Globalne ocieplenie i zanieczyszczenie środowiska to ogromny problem obecnych czasów. Najbardziej problem ten dotyka zwierząt. Zmiany klimatyczne dość mocno odbiły się na płaszczkach żyjących w okolicach Malediwów.
Populacja tych wodnych zwierząt sięga ok. 5000 osobników. Choć są chronione, ich liczba wciąż spada. Beth Faulkner z Maldivian Manta Ray Project wraz z grupą ekspertów postanowiła poszukać sposobu na to, by pomóc coraz to smutniejszym płaszczom.
Faulkner zwierzęta te obserwuje od 15 lat. W tym czasie brzegi Malediwów drastycznie się zmieniły. Umierają przede wszystkim koralowce. Zmiany te wpłynęły na płaszczki, które coraz mniej się rozmnażają i zaczęły być coraz bardziej aspołeczne.
Okazało się, że humor poprawia im kontakt z człowiekiem. Beth w rozmowie z CNN przyznała, że płaszczki pływające z człowiekiem zaczynają "wracać do życia".
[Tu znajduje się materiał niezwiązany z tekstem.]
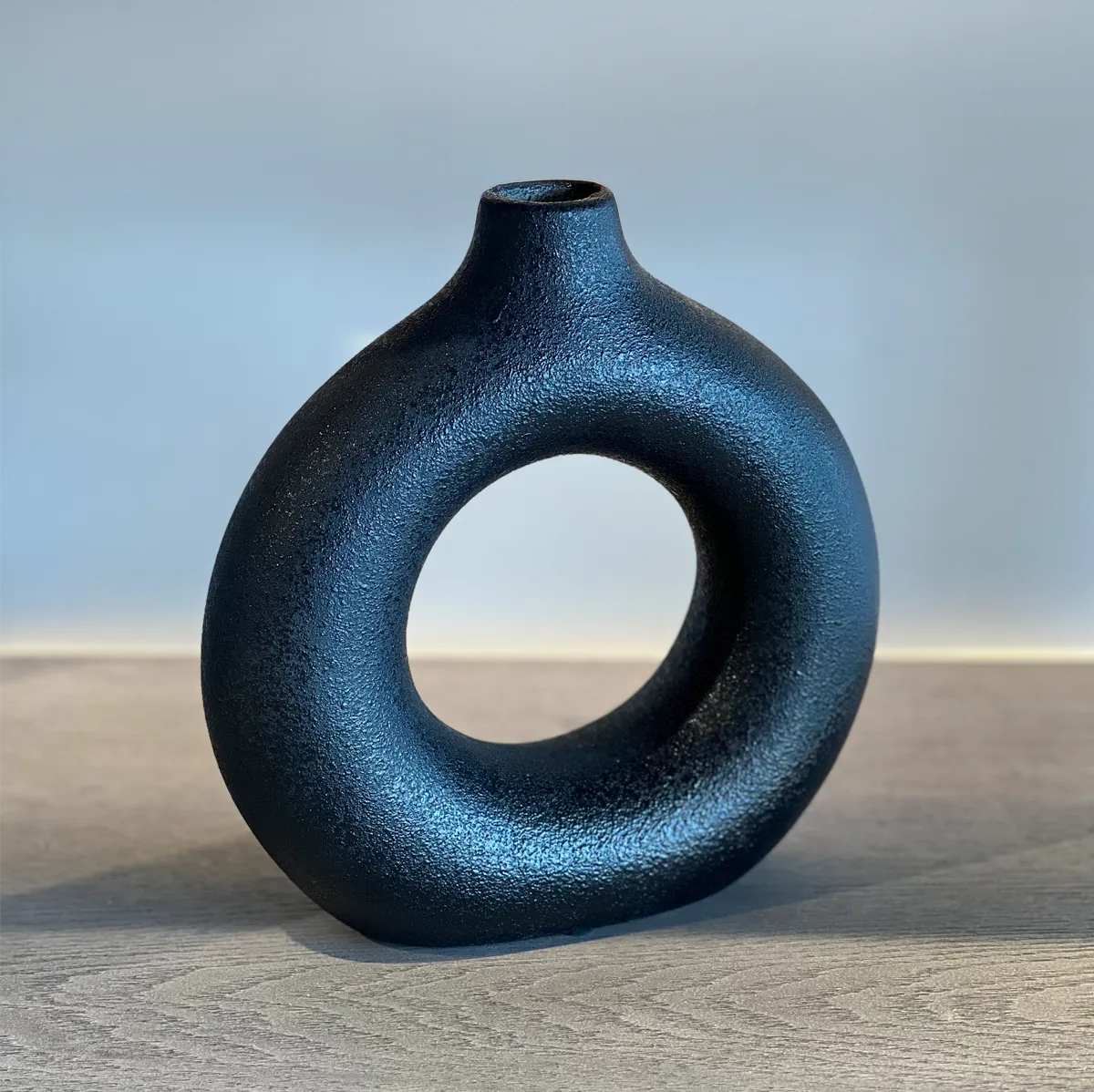Dona es una pieza decorativa contemporánea que destaca por su forma escultórica y su estética minimalista. Su diseño circular con abertura central aporta equilibrio visual y un toque artístico que transforma cualquier espacio.

Oczywiście mowa tu o specjalistach, którzy wiedzą, jak poprowadzić taką "wycieczkę". Ponadto eksperci używają specjalnych systemów ultradźwiękowych. Dzięki temu zwierzęta mają wrażenie, że są w większym stadzie i chętniej się ze sobą rozmnażają.
Takie wyniki badań są bardzo pocieszające. Dają nadzieję, na to, że odpowiednim podejściem i kontaktem nawet z oceanicznym zwierzęciem, człowiek jest w stanie pomóc utrzymać gatunek przy życiu, co niestety udaje się coraz rzadziej.